Apply different transformation on each dataframe column


I have a PySpark dataframe(records_002_df) in below format and more columns to be added in future -

+-----------+-----------------+-------------+
|RECORD_TYPE|     CLAIM_NUMBER|RECEIVED_DATE|
+-----------+-----------------+-------------+
|        002|     23E002113200|   08/30/2023|
|        002|     23P001125500|   05/30/2023|    
|        002|     23E002114300|   01/30/2024|    
|        002|20223124002830199|   12/31/2022|    
|        002|20223124003270199|   12/31/2022|    
|        002|20223493004410199|   12/31/2022|

I need to perform separate transformation on each column, For one of them i tried like below -

trans_df=records_002_df.withColumn('RECORD_TYPE',when(records_002_df['RECORD_TYPE'] == '002','In-Network').otherwise('Out-Of-Network'))

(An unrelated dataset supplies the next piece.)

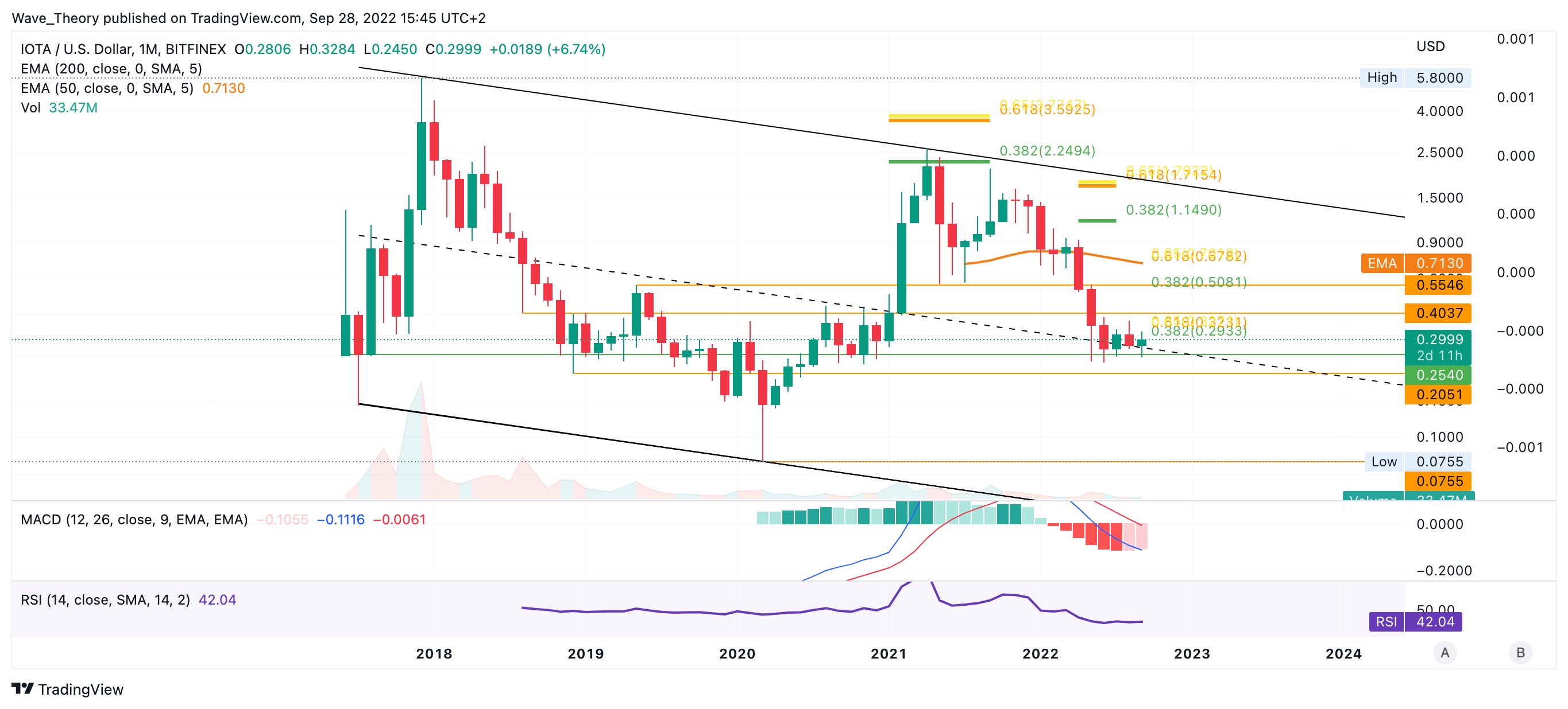 Langfristig befindet sich der IOTA Kurs noch immer in einem parallelen Abwärtskanal. Doch das Histogramm des MACDs tickt seit letztem Monat bullisch höher. Zudem befindet sich der IOTA Kurs seit vier Monaten in einem ähnlichen Preisterritorium.

Above is giving me expected dataframe with required transformation on RECORD_TYPE field. But I have different transformations to be applied on other columns. Also want to keep the transformation logic in a separate module, so that the spark script should be generic. Please suggest some ideas how I can achieve this. Thanks !!


Solution

  • Put the transformations into a dictionary with

    • key: the wanted column name
    • value: a Column expression that contains the transformation.

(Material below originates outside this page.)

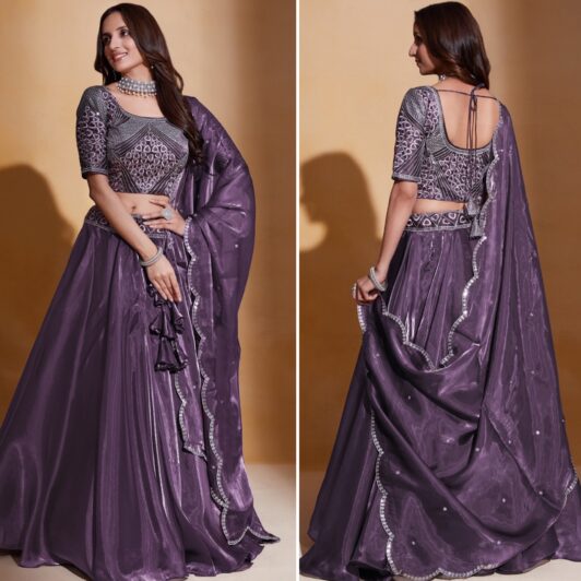 New designer organza silk lehenha with thread and sequin embroidery work

    In the column expression the dataframe should not be referenced directly but the input data should be referenced by its column names.

    from pyspark.sql import functions as F
    
    transformations = {"RECORD_TYPE": F.when(F.col("RECORD_TYPE") == '002','In-Network')
                                                              .otherwise('Out-Of-Network'),
                       "NEXT_DAY": F.date_add(F.to_date("RECEIVED_DATE", "MM/dd/yyyy"), 1)
    }
    

    This dict can now be applied to the dataframe:

    records_002_df.select([F.col(name) for name in df1.columns - transformations.keys()] # unchanged columns
               + [ transformation.alias(name) for (name,transformation) # transformed columns
                  in transformations.items()]) \
             .show()
    

    Result:

    +-------------+-------------+-----------+----------+
    |RECEIVED_DATE| CLAIM_NUMBER|RECORD_TYPE|  NEXT_DAY|
    +-------------+-------------+-----------+----------+
    |   08/30/2023| 23E002113200| In-Network|2023-08-31|
    |   05/30/2023|J23P001125500| In-Network|2023-05-31|
    |   01/30/2024| 23E002114300| In-Network|2024-01-31|
    +-------------+-------------+-----------+----------+
    

    The transformations dict does not have any references to the original dataframe, so its creation can be moved to another module.